What is required: Take the lines below from the one with "Dr. Martinez and" through the one with "Адаптер UGREEN CM416" and print only them, exactly. Don't print the pictures.

[Recorded data]

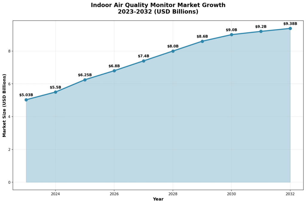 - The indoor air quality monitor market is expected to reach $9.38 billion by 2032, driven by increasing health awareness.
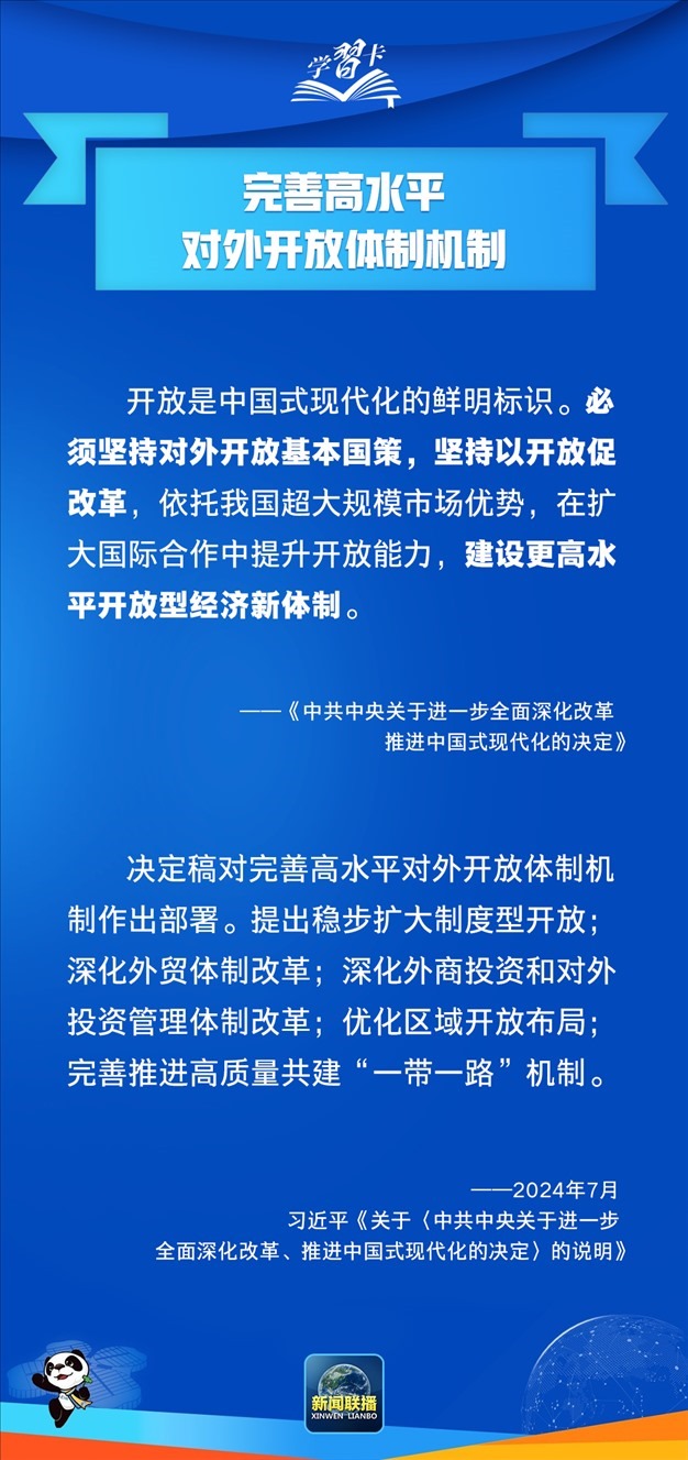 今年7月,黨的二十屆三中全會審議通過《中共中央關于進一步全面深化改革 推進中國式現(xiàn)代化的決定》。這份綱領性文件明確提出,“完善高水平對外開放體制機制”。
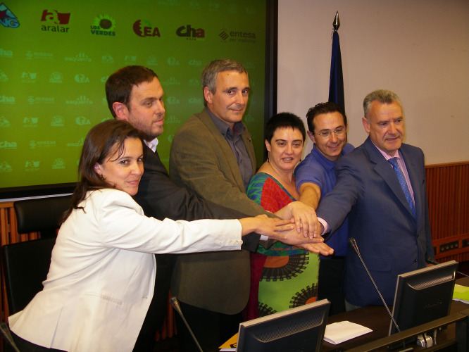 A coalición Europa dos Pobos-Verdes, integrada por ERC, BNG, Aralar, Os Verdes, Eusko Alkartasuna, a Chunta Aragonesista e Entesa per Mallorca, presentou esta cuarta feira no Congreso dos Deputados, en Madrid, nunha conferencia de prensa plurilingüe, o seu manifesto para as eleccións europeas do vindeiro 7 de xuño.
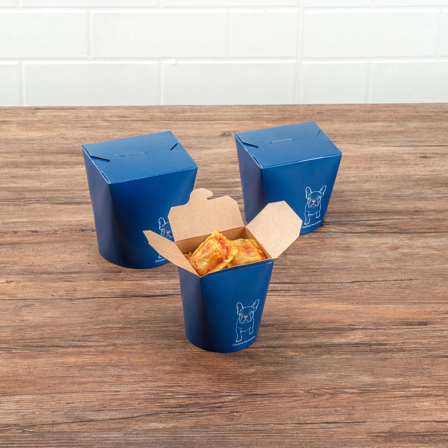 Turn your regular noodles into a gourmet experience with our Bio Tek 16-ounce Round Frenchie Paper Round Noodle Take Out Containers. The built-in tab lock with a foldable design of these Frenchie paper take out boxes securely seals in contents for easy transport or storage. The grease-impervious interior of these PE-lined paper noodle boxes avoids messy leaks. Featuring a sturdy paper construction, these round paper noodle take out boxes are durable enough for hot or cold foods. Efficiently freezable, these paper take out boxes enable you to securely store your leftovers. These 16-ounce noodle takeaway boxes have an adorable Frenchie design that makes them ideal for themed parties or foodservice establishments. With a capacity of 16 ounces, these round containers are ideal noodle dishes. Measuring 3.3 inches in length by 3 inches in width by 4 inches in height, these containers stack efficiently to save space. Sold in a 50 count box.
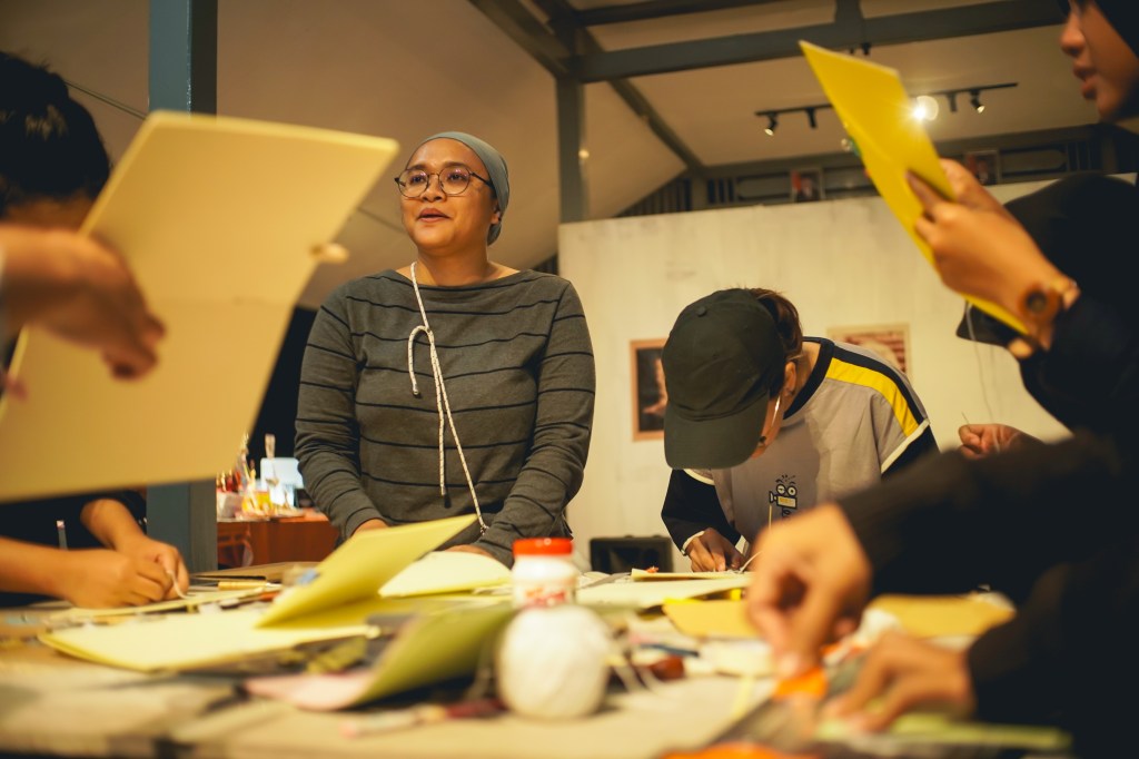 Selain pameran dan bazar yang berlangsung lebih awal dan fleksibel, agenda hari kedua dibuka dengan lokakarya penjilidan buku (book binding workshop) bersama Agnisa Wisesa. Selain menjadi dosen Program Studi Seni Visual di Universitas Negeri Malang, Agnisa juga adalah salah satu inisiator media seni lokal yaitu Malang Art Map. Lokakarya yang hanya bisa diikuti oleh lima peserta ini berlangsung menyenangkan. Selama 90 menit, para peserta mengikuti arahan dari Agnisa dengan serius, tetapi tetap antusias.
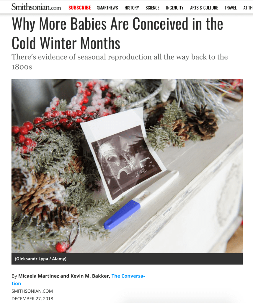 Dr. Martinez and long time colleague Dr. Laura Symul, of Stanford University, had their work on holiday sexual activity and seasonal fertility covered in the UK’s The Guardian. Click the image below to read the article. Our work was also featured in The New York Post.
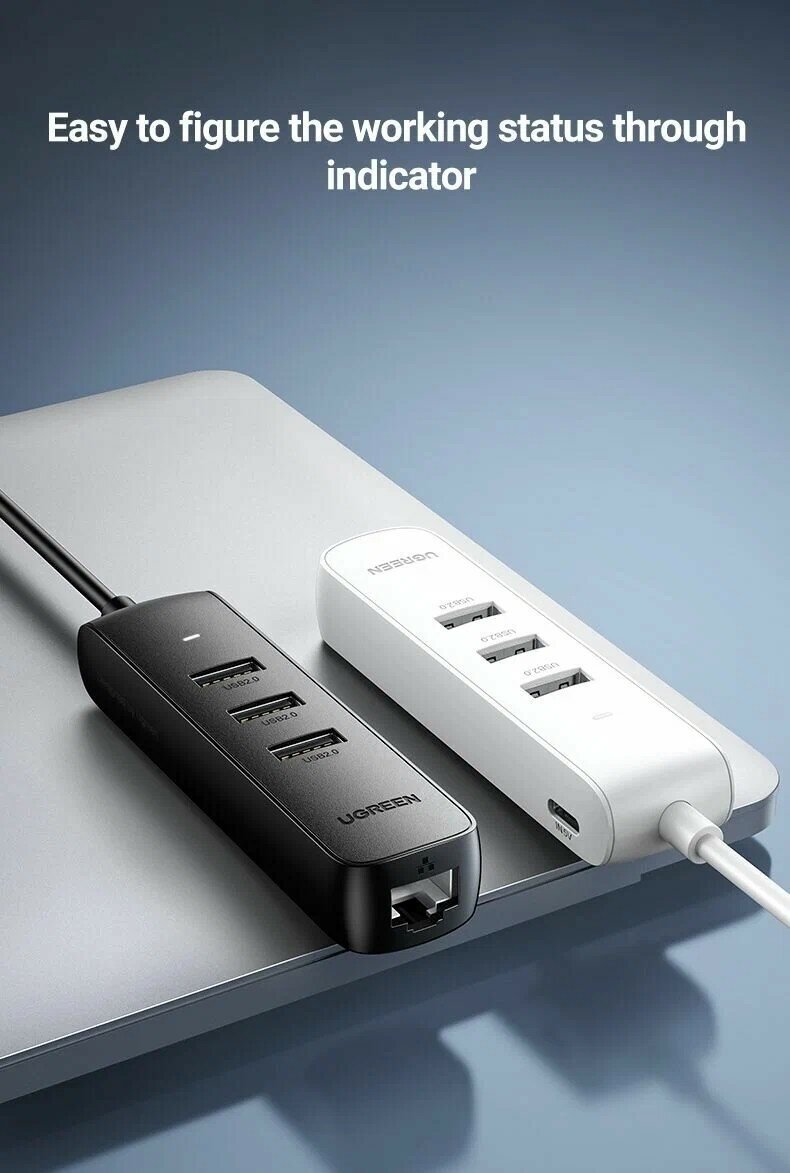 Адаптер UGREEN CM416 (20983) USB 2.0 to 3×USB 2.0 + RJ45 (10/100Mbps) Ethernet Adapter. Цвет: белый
==
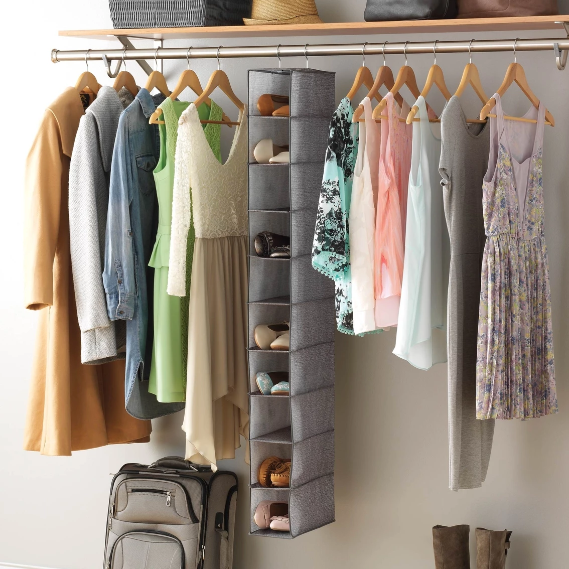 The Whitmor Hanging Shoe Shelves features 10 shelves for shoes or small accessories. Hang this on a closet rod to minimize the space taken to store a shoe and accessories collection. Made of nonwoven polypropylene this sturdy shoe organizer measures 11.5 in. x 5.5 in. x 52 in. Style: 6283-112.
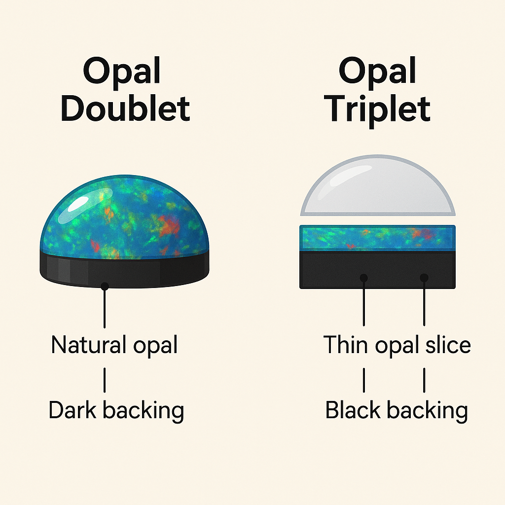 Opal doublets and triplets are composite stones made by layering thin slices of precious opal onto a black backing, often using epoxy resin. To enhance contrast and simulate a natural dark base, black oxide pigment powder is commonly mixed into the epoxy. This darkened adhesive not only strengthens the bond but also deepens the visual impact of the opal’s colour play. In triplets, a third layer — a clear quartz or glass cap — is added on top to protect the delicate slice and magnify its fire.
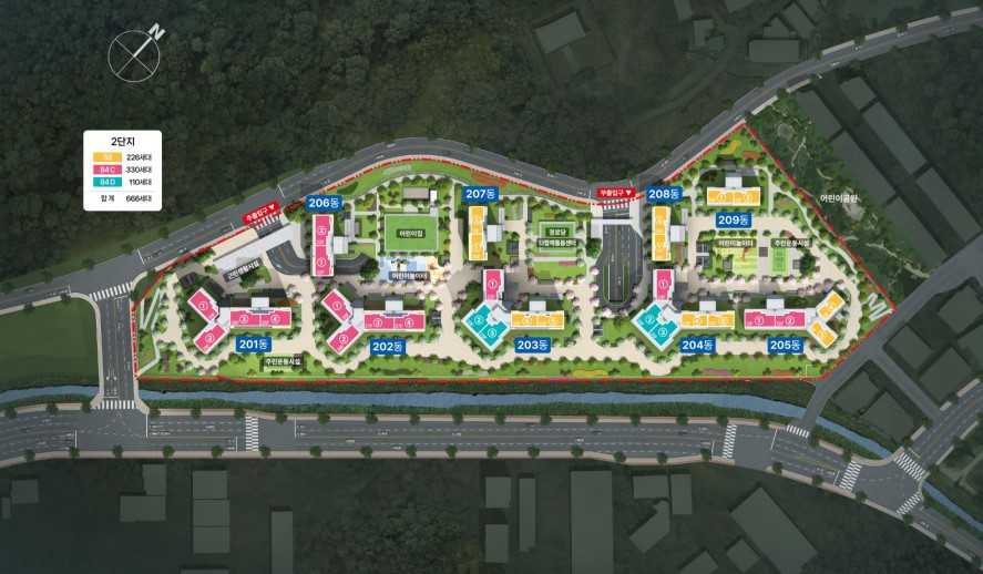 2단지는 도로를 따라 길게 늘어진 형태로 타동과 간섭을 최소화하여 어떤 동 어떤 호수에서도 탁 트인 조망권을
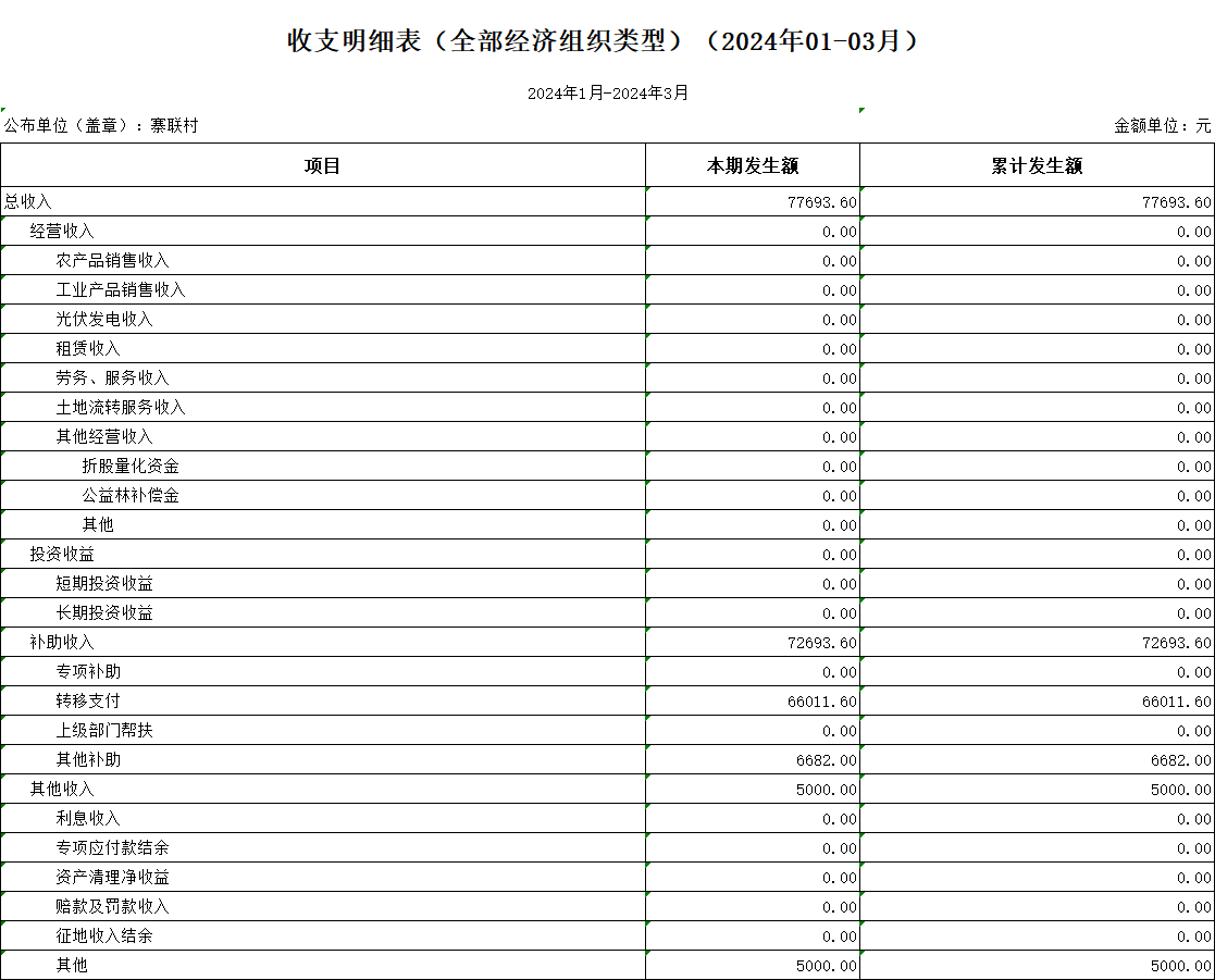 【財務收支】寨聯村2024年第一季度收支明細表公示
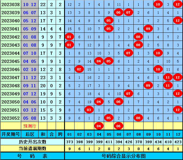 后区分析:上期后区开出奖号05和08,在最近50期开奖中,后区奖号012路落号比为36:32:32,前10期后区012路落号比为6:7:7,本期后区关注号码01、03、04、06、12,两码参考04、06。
--
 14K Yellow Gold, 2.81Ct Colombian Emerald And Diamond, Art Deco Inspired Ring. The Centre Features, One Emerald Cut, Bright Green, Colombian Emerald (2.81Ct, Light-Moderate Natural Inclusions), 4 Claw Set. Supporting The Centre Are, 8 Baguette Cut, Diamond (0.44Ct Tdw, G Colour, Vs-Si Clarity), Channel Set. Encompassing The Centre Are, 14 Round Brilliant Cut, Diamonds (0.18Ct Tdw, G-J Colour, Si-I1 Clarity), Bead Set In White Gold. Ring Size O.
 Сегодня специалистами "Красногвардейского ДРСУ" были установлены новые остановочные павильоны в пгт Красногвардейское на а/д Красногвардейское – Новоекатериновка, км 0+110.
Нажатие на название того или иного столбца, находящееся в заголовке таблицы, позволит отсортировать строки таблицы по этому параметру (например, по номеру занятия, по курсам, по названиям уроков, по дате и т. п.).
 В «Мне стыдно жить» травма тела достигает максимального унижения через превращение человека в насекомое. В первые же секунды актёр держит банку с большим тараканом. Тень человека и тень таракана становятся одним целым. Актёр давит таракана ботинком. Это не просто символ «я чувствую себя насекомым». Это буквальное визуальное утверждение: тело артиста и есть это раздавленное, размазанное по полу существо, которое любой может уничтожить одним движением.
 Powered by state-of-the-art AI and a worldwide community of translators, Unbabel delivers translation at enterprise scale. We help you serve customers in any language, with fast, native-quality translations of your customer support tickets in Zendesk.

Solution to this problem:
 Dr. Martinez and long time colleague Dr. Laura Symul, of Stanford University, had their work on holiday sexual activity and seasonal fertility covered in the UK’s The Guardian. Click the image below to read the article. Our work was also featured in The New York Post.
 Адаптер UGREEN CM416 (20983) USB 2.0 to 3×USB 2.0 + RJ45 (10/100Mbps) Ethernet Adapter. Цвет: белый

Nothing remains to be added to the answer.